Task
Transcribe each record word for word. Skip the images.
Data section section start
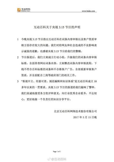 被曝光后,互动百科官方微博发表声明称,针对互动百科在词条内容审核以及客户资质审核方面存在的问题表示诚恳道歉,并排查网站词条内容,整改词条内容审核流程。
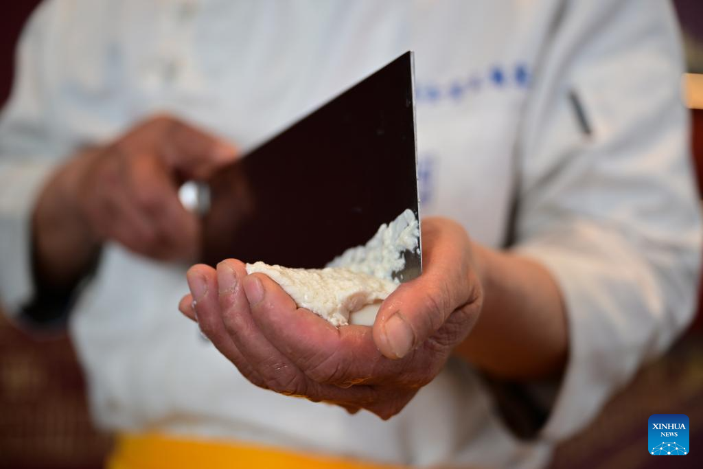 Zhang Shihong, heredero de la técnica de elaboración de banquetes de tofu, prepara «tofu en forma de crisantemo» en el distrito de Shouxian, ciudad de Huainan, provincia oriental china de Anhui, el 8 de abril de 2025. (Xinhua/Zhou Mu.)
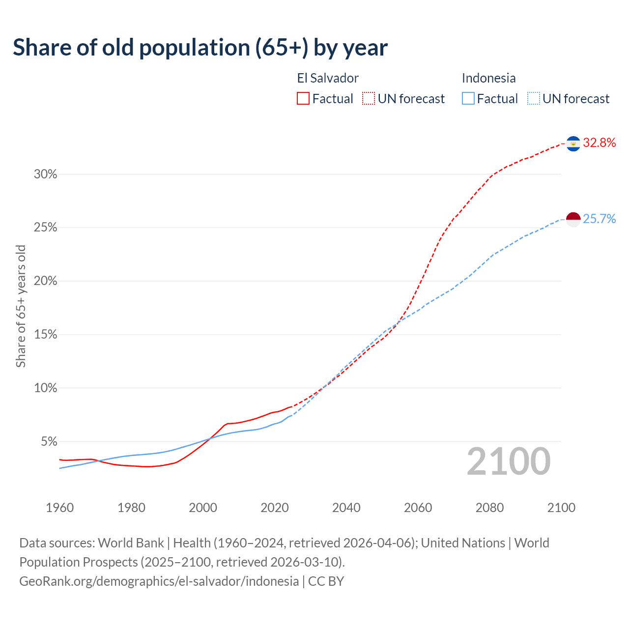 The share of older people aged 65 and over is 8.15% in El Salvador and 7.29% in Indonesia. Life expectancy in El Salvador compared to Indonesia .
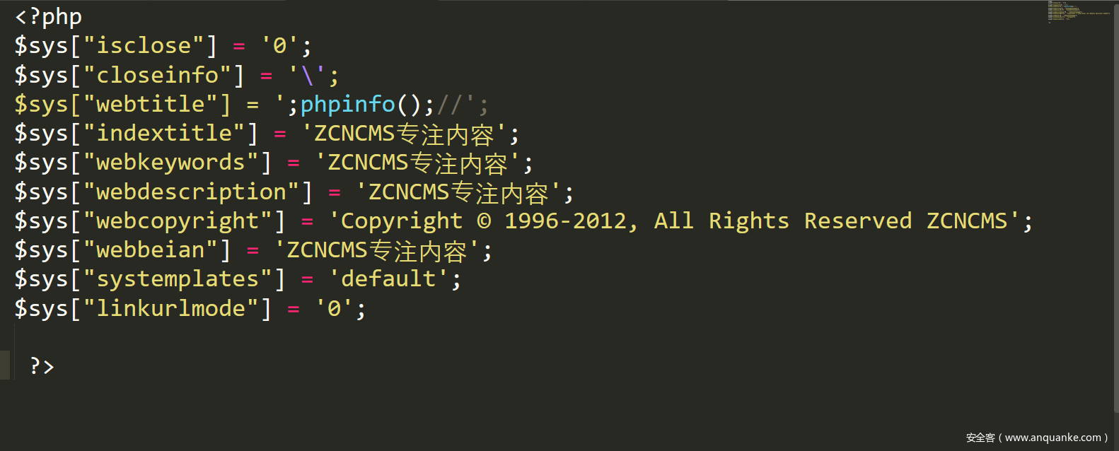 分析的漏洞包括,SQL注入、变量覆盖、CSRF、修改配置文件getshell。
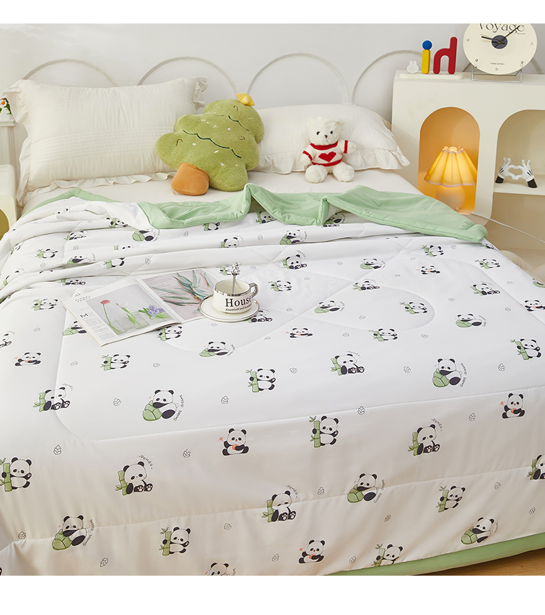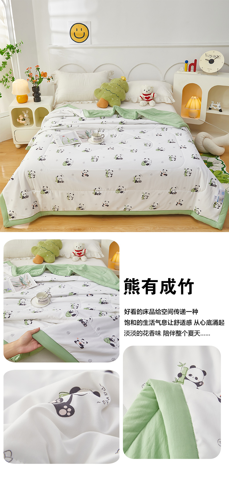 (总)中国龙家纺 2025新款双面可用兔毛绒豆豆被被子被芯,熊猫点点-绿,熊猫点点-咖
Data section section end
Result for this task
 被曝光后,互动百科官方微博发表声明称,针对互动百科在词条内容审核以及客户资质审核方面存在的问题表示诚恳道歉,并排查网站词条内容,整改词条内容审核流程。
 Zhang Shihong, heredero de la técnica de elaboración de banquetes de tofu, prepara «tofu en forma de crisantemo» en el distrito de Shouxian, ciudad de Huainan, provincia oriental china de Anhui, el 8 de abril de 2025. (Xinhua/Zhou Mu.)
 The share of older people aged 65 and over is 8.15% in El Salvador and 7.29% in Indonesia. Life expectancy in El Salvador compared to Indonesia .
 分析的漏洞包括,SQL注入、变量覆盖、CSRF、修改配置文件getshell。
 (总)中国龙家纺 2025新款双面可用兔毛绒豆豆被被子被芯,熊猫点点-绿,熊猫点点-咖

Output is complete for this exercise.